• Source material
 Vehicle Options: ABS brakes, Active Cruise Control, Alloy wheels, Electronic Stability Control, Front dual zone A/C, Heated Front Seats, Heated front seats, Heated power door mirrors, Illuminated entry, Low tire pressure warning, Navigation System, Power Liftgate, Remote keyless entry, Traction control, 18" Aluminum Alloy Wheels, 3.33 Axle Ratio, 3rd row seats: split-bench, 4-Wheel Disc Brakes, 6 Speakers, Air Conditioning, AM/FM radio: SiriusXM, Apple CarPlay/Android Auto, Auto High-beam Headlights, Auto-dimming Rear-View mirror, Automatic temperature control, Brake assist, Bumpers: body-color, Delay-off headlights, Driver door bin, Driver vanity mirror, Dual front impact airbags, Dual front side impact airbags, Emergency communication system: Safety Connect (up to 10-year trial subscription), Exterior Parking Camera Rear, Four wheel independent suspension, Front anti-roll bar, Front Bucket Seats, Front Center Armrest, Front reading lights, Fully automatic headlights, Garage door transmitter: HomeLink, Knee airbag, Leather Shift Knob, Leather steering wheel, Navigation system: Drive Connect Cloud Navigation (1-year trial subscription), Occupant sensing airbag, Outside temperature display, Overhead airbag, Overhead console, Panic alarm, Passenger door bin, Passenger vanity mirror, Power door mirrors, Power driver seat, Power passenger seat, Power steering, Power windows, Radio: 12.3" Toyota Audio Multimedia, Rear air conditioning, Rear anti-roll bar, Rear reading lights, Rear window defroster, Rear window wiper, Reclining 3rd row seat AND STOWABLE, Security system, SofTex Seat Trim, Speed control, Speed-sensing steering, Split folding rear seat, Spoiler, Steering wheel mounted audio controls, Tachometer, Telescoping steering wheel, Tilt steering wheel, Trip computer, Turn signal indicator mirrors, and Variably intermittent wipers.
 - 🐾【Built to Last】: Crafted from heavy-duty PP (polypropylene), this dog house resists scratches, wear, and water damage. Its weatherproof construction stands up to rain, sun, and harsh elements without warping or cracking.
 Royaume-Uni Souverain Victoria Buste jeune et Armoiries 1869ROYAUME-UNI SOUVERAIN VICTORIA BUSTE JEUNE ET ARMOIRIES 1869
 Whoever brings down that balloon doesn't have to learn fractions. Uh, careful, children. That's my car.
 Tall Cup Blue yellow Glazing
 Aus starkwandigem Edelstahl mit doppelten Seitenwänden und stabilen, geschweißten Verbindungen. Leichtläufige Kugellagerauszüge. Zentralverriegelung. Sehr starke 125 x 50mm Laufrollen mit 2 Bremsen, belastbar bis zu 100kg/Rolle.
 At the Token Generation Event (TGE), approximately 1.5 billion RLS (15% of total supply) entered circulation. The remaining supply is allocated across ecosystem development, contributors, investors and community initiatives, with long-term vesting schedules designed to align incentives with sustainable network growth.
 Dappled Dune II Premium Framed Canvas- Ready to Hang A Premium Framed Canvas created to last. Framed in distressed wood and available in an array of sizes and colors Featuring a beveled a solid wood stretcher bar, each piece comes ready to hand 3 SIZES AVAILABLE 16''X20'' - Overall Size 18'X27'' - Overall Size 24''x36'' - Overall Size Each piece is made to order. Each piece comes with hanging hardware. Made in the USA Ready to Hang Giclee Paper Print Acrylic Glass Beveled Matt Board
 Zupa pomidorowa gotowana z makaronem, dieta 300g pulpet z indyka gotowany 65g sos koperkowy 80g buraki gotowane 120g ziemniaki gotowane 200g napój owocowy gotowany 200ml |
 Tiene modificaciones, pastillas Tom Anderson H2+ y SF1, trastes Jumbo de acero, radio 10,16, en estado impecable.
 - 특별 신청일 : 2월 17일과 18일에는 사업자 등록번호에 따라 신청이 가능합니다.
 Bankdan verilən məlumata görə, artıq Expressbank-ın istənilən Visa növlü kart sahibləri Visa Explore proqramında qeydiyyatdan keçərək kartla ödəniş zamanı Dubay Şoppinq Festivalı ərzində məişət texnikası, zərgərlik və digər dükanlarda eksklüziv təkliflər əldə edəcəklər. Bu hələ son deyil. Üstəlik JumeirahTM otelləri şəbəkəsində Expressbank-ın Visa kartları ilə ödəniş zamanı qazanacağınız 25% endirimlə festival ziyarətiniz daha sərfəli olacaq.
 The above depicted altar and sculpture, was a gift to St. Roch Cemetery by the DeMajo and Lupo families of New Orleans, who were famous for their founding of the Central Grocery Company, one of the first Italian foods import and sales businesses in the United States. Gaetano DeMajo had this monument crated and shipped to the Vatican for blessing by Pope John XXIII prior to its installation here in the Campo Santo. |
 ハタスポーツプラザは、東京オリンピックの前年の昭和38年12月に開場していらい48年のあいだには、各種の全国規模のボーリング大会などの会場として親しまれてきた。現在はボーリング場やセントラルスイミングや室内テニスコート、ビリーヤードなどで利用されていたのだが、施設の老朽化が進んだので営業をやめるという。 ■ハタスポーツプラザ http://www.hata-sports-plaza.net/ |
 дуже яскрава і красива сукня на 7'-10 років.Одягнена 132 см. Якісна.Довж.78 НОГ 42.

• Exercise brief
Using the records above, copy every line that has the word "radio" in it.

• Problem solution
 Vehicle Options: ABS brakes, Active Cruise Control, Alloy wheels, Electronic Stability Control, Front dual zone A/C, Heated Front Seats, Heated front seats, Heated power door mirrors, Illuminated entry, Low tire pressure warning, Navigation System, Power Liftgate, Remote keyless entry, Traction control, 18" Aluminum Alloy Wheels, 3.33 Axle Ratio, 3rd row seats: split-bench, 4-Wheel Disc Brakes, 6 Speakers, Air Conditioning, AM/FM radio: SiriusXM, Apple CarPlay/Android Auto, Auto High-beam Headlights, Auto-dimming Rear-View mirror, Automatic temperature control, Brake assist, Bumpers: body-color, Delay-off headlights, Driver door bin, Driver vanity mirror, Dual front impact airbags, Dual front side impact airbags, Emergency communication system: Safety Connect (up to 10-year trial subscription), Exterior Parking Camera Rear, Four wheel independent suspension, Front anti-roll bar, Front Bucket Seats, Front Center Armrest, Front reading lights, Fully automatic headlights, Garage door transmitter: HomeLink, Knee airbag, Leather Shift Knob, Leather steering wheel, Navigation system: Drive Connect Cloud Navigation (1-year trial subscription), Occupant sensing airbag, Outside temperature display, Overhead airbag, Overhead console, Panic alarm, Passenger door bin, Passenger vanity mirror, Power door mirrors, Power driver seat, Power passenger seat, Power steering, Power windows, Radio: 12.3" Toyota Audio Multimedia, Rear air conditioning, Rear anti-roll bar, Rear reading lights, Rear window defroster, Rear window wiper, Reclining 3rd row seat AND STOWABLE, Security system, SofTex Seat Trim, Speed control, Speed-sensing steering, Split folding rear seat, Spoiler, Steering wheel mounted audio controls, Tachometer, Telescoping steering wheel, Tilt steering wheel, Trip computer, Turn signal indicator mirrors, and Variably intermittent wipers.
 Tiene modificaciones, pastillas Tom Anderson H2+ y SF1, trastes Jumbo de acero, radio 10,16, en estado impecable.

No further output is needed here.